M. le président. Monsieur de Courson !

M. Charles de Courson. Pour se conformer au schéma du Gouvernement, prenons l'exemple de l'assiette de la TIPP, qui chute en volume. En principe, elle est moins avantageuse qu'une dotation indexée mais, si une partie de l'impôt sur le revenu est reversée, en l'absence de modification du barème, elle devient plus avantageuse.

On voit donc bien que cela dépend des cas ; il n'y a aucune garantie. Au demeurant, le problème, c'est que nous ne demandons pas au Gouvernement des garanties, mais l'autonomie financière.

Quelle est la position du groupe UDF sur la motion de renvoi en commission ? (Murmures et rires.)

M. le président. Ah ! Tout de même !

M. Charles de Courson. Nous attendons toujours, monsieur le ministre, votre avis définitif sur l'amendement de l'UDF qui conditionnera notre vote final et, dans l'attente de votre réponse, nous ne participerons pas au vote sur la motion de renvoi en commission.

M. Jean-Pierre Brard. C'est courageux !

M. le président. La parole est à M. André Chassaigne. Et laissez-le s'exprimer, monsieur Brard !

M. André Chassaigne. De toute façon, mon intervention résulte d'une étroite concertation avec mon collègue Jean-Pierre Brard. Notre position est donc collective et unanime ! (Rires et exclamations sur les bancs du groupe de l'Union pour un mouvement populaire.)

Pour le non-spécialiste que je suis, la question, en définitive, est assez simple : ce texte apporte-t-il des réponses claires en ce qui concerne l'autonomie financière des collectivités territoriales ?

M. Didier Migaud. Non !

M. Guy Geoffroy, rapporteur. Si !

M. André Chassaigne. Crée-t-il un dispositif suffisamment organisé...

M. Didier Migaud. Non !

M. André Chassaigne. ...et permettra-t-il, demain, d'apporter des réponses nettes...

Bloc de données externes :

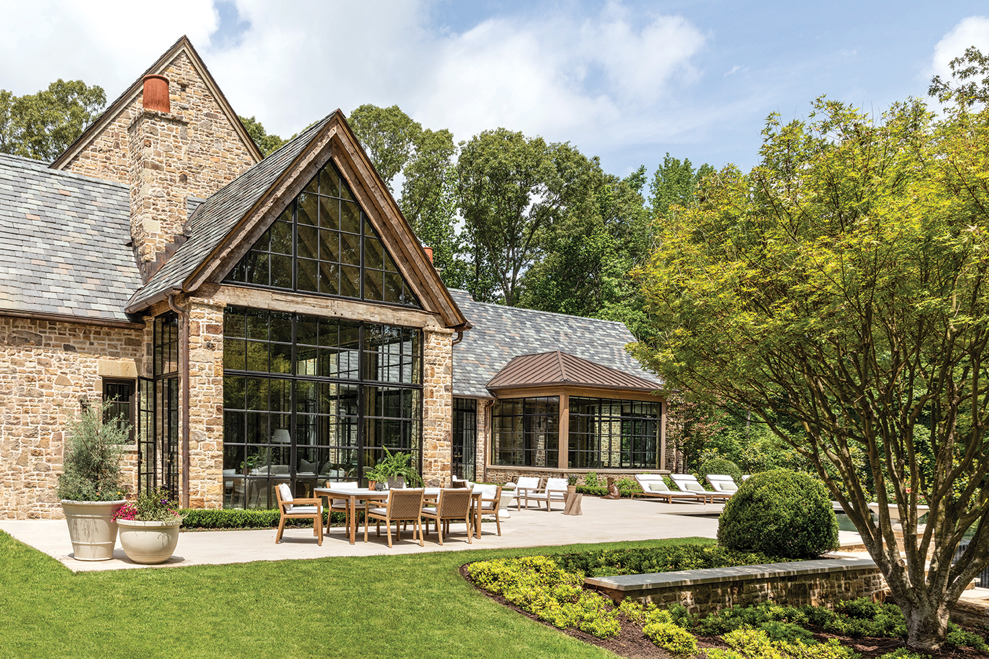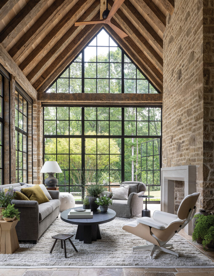 Mindful of the setting—a neighborhood with acreage-sized lots that feel set apart from the world—the architect began to develop a structure that connects the indoors to the out. This is especially evident in the great room, which is lined with steel doors, creating a seamless connection between the interior, the garden, and the pool terrace. “Throughout the day, the dynamic and experience of the room change as the light changes,” Adams says. “This concept of centering life around the pool and terrace was applied to all main living areas, creating an indoor-outdoor experience that serves as the heart of the home and brings everyone together,” he adds. Similarly, Adams connected the two homesites with a bridge that crosses the small creek along the footpath, making it easy for the family to go back and forth between the two residences. The use of natural elements on the exterior, such as Tennessee fieldstone, oak, and Vermont slate, also make the structure feel like an extension of its environment.

M. Jean-Marc Nudant. Oui !

M. André Chassaigne. ...aux questions fondamentales posées tant par le ministre que par les rapporteurs et les différents intervenants ?

Première question : ce texte réglera-t-il le problème de l'autonomie financière des collectivités territoriales ? Peut-on garantir qu'elle sera respectée ?

M. Jean-Pierre Gorges. Bien sûr !

M. Henri Emmanuelli. Bien sûr que non !

M. André Chassaigne. Deuxième question : oui ou non, les décisions prises porteront-elles atteinte à la libre administration des collectivités territoriales ? (« Oui ! » sur les bancs du groupe socialiste - « Non ! » sur les bancs du groupe de l'Union pour un mouvement populaire.)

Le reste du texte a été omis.